*Task goal*
When you copy the records that follow, please keep every word exactly as it is and leave out the pictures.

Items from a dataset
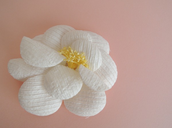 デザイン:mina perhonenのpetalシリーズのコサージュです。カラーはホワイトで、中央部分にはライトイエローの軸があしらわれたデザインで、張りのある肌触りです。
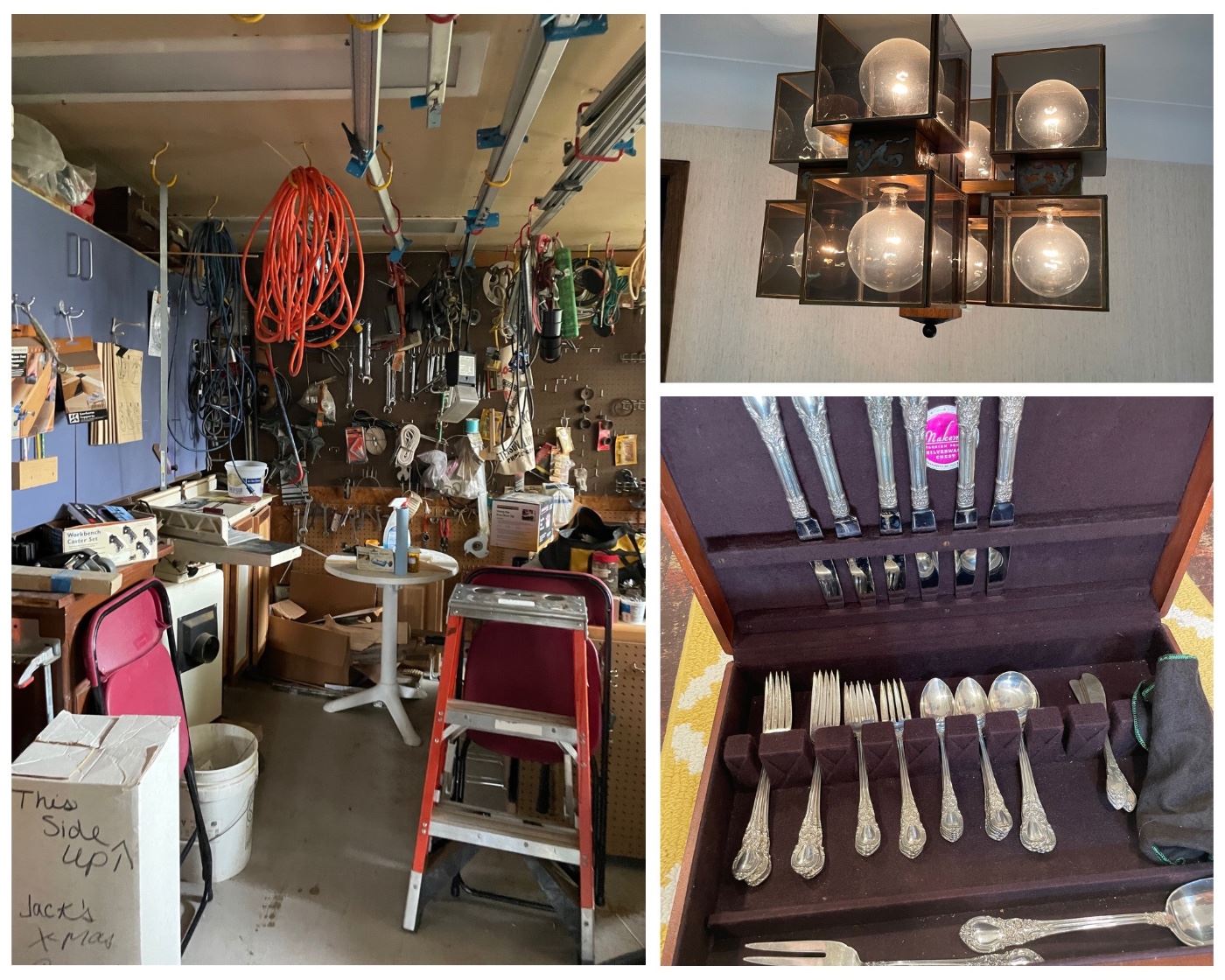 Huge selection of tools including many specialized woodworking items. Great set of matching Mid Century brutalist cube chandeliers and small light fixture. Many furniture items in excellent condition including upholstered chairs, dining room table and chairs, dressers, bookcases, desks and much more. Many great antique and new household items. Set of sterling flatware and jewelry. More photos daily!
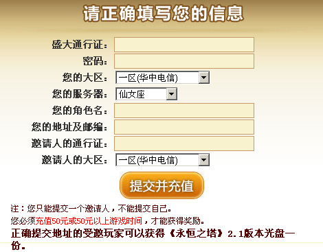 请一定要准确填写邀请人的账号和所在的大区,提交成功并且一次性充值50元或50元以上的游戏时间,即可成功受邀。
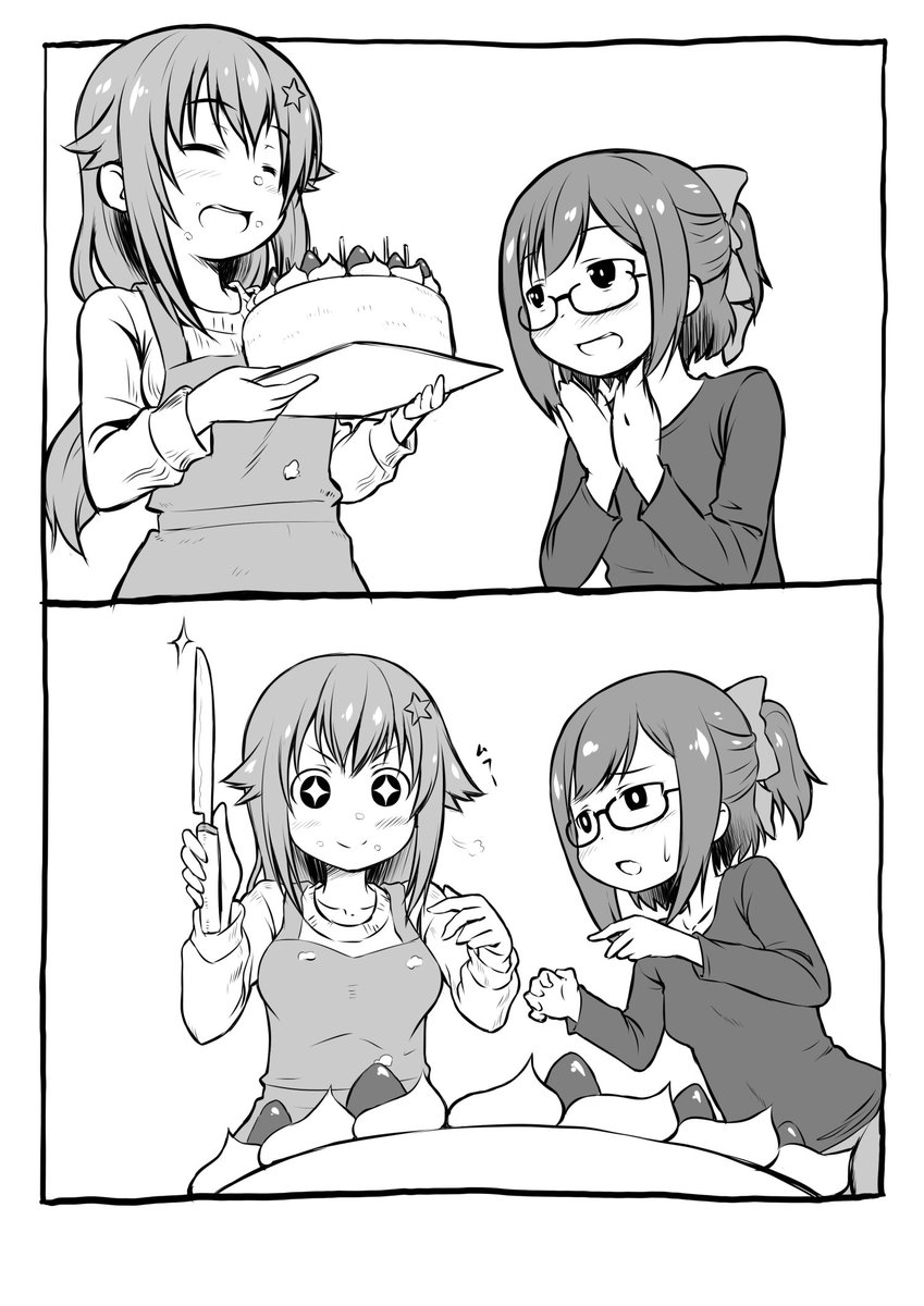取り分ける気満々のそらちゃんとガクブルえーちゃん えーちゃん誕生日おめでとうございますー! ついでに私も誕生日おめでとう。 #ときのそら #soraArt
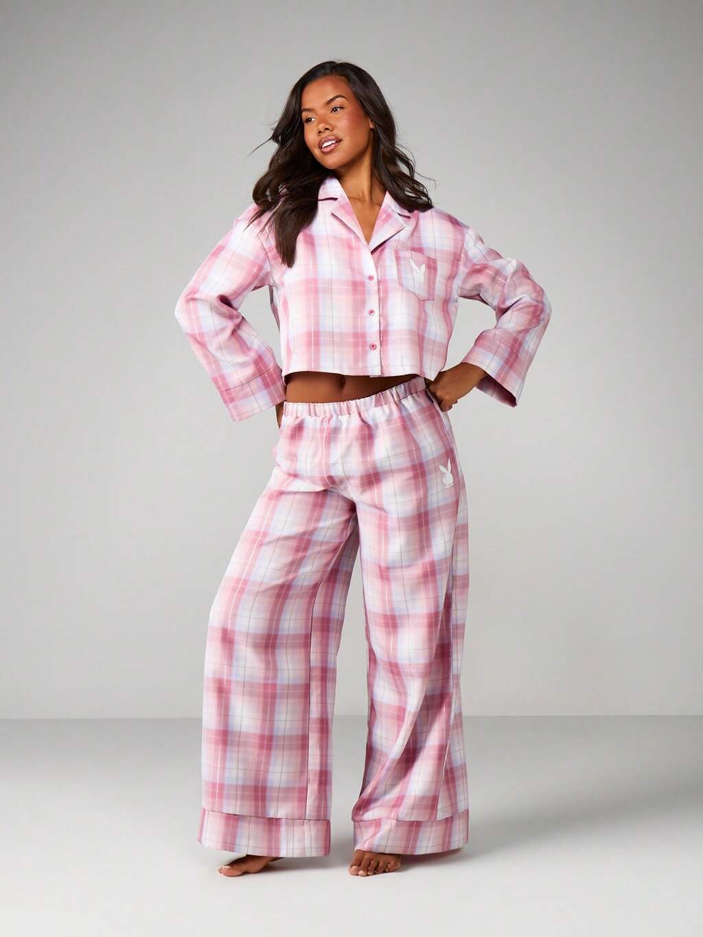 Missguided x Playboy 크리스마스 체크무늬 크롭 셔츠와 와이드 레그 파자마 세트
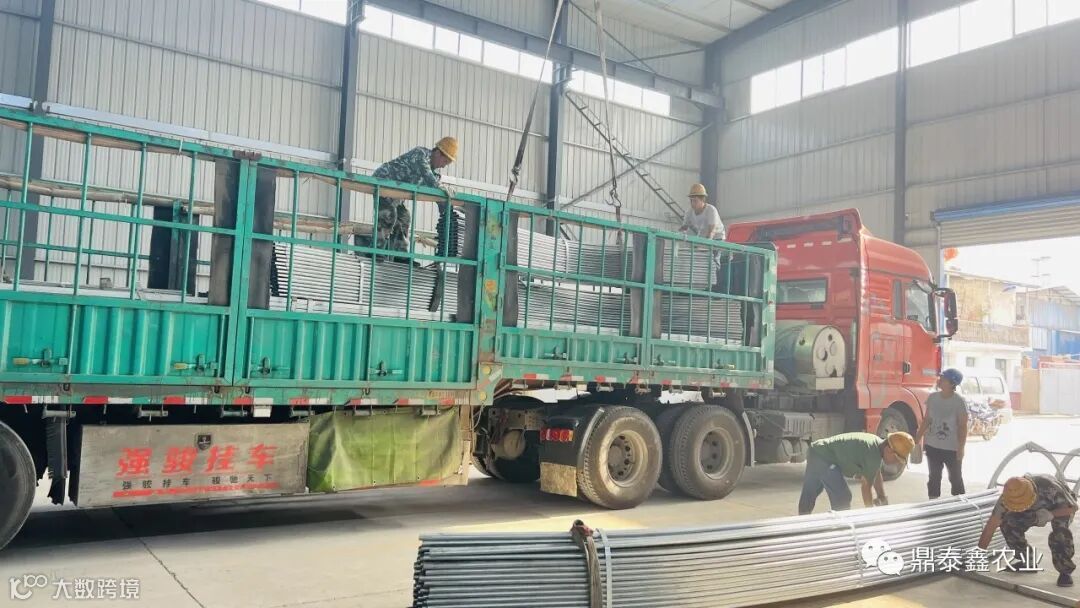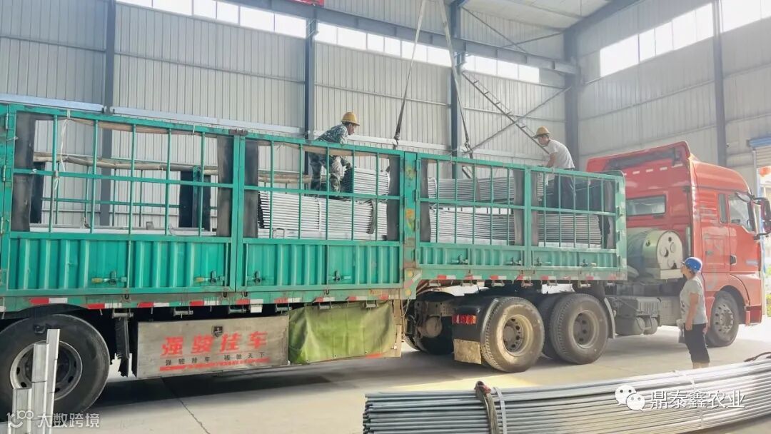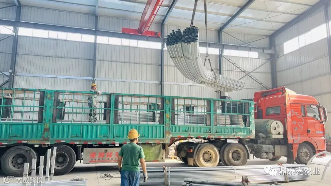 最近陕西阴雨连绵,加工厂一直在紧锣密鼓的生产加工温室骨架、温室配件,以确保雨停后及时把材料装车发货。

*Exercise answer*
 デザイン:mina perhonenのpetalシリーズのコサージュです。カラーはホワイトで、中央部分にはライトイエローの軸があしらわれたデザインで、張りのある肌触りです。
 Huge selection of tools including many specialized woodworking items. Great set of matching Mid Century brutalist cube chandeliers and small light fixture. Many furniture items in excellent condition including upholstered chairs, dining room table and chairs, dressers, bookcases, desks and much more. Many great antique and new household items. Set of sterling flatware and jewelry. More photos daily!
 请一定要准确填写邀请人的账号和所在的大区,提交成功并且一次性充值50元或50元以上的游戏时间,即可成功受邀。
取り分ける気満々のそらちゃんとガクブルえーちゃん えーちゃん誕生日おめでとうございますー! ついでに私も誕生日おめでとう。 #ときのそら #soraArt
 Missguided x Playboy 크리스마스 체크무늬 크롭 셔츠와 와이드 레그 파자마 세트
 最近陕西阴雨连绵,加工厂一直在紧锣密鼓的生产加工温室骨架、温室配件,以确保雨停后及时把材料装车发货。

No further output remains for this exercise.